*TASK TO CARRY OUT*. Upon reaching the line that contains "- Om Ja: välj" in the records below, begin repeating every line exactly through the last one, skipping pictures.

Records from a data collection
**********

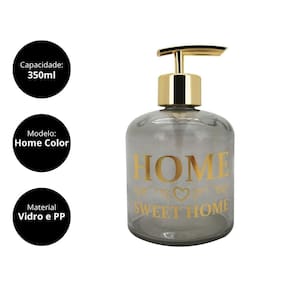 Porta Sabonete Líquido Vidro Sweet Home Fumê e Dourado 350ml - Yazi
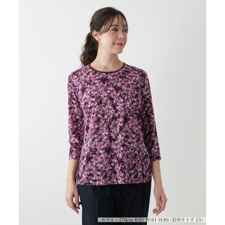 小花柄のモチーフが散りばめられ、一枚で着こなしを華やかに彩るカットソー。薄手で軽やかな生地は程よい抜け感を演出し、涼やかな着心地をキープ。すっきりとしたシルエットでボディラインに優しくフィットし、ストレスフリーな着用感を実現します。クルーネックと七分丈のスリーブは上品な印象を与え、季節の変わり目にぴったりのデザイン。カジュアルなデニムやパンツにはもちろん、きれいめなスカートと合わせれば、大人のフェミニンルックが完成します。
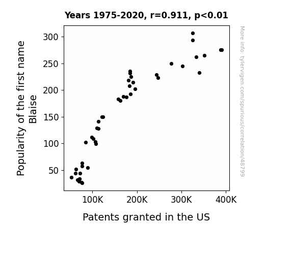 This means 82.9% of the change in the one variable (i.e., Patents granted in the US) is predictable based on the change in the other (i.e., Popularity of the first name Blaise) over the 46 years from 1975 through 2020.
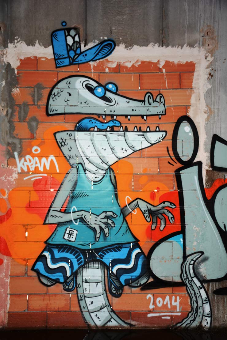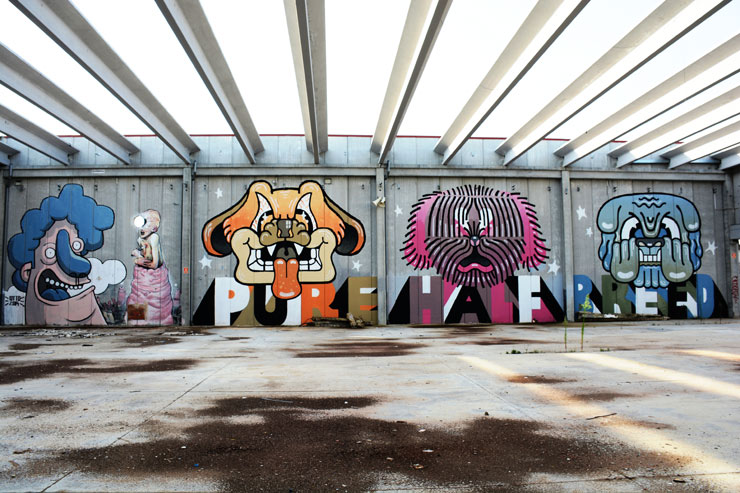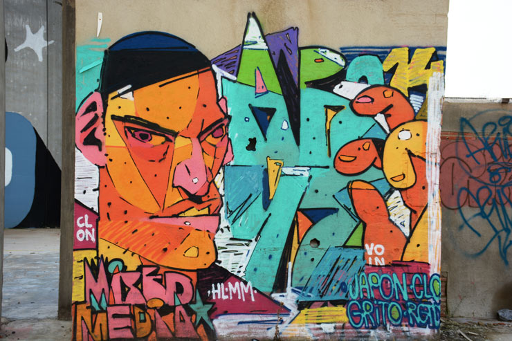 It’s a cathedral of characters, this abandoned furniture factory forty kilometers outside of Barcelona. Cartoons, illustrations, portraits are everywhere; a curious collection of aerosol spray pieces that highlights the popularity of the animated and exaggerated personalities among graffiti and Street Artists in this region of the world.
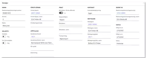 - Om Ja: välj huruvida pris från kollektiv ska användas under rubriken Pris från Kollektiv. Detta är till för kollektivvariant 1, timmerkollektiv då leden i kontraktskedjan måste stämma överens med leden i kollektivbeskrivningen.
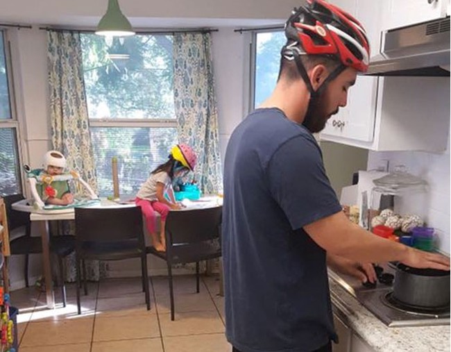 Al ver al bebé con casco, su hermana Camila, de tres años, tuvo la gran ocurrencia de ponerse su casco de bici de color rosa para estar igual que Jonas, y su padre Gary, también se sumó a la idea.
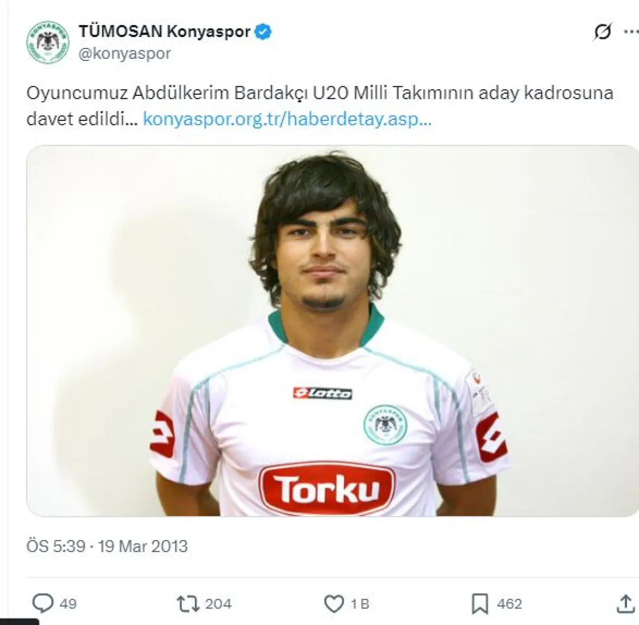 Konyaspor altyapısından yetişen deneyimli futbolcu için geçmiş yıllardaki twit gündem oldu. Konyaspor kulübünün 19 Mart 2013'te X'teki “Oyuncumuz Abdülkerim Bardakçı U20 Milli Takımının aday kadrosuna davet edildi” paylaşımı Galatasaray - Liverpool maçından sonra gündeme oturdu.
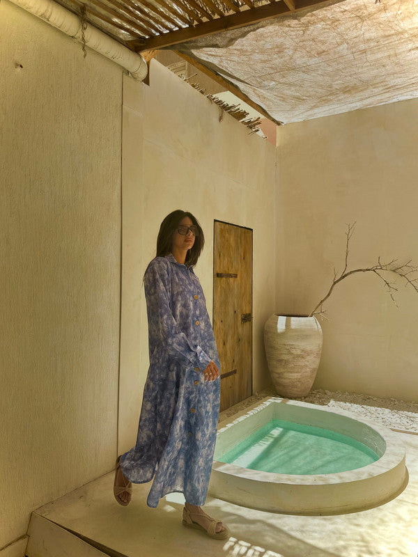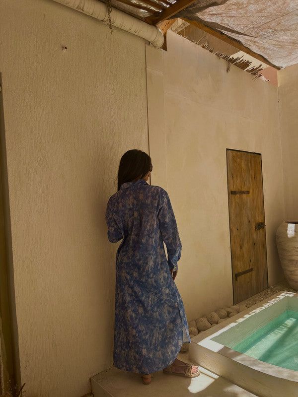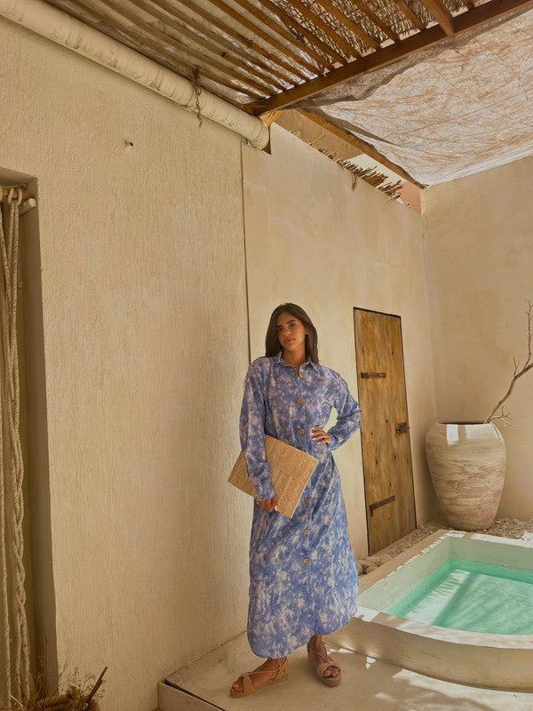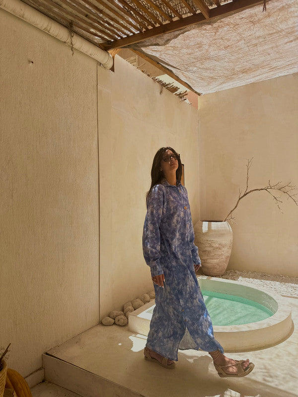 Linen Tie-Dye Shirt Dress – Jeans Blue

**********

*RESULT OF THE EXERCISE*.
 - Om Ja: välj huruvida pris från kollektiv ska användas under rubriken Pris från Kollektiv. Detta är till för kollektivvariant 1, timmerkollektiv då leden i kontraktskedjan måste stämma överens med leden i kollektivbeskrivningen.
 Al ver al bebé con casco, su hermana Camila, de tres años, tuvo la gran ocurrencia de ponerse su casco de bici de color rosa para estar igual que Jonas, y su padre Gary, también se sumó a la idea.
 Konyaspor altyapısından yetişen deneyimli futbolcu için geçmiş yıllardaki twit gündem oldu. Konyaspor kulübünün 19 Mart 2013'te X'teki “Oyuncumuz Abdülkerim Bardakçı U20 Milli Takımının aday kadrosuna davet edildi” paylaşımı Galatasaray - Liverpool maçından sonra gündeme oturdu.
 Linen Tie-Dye Shirt Dress – Jeans Blue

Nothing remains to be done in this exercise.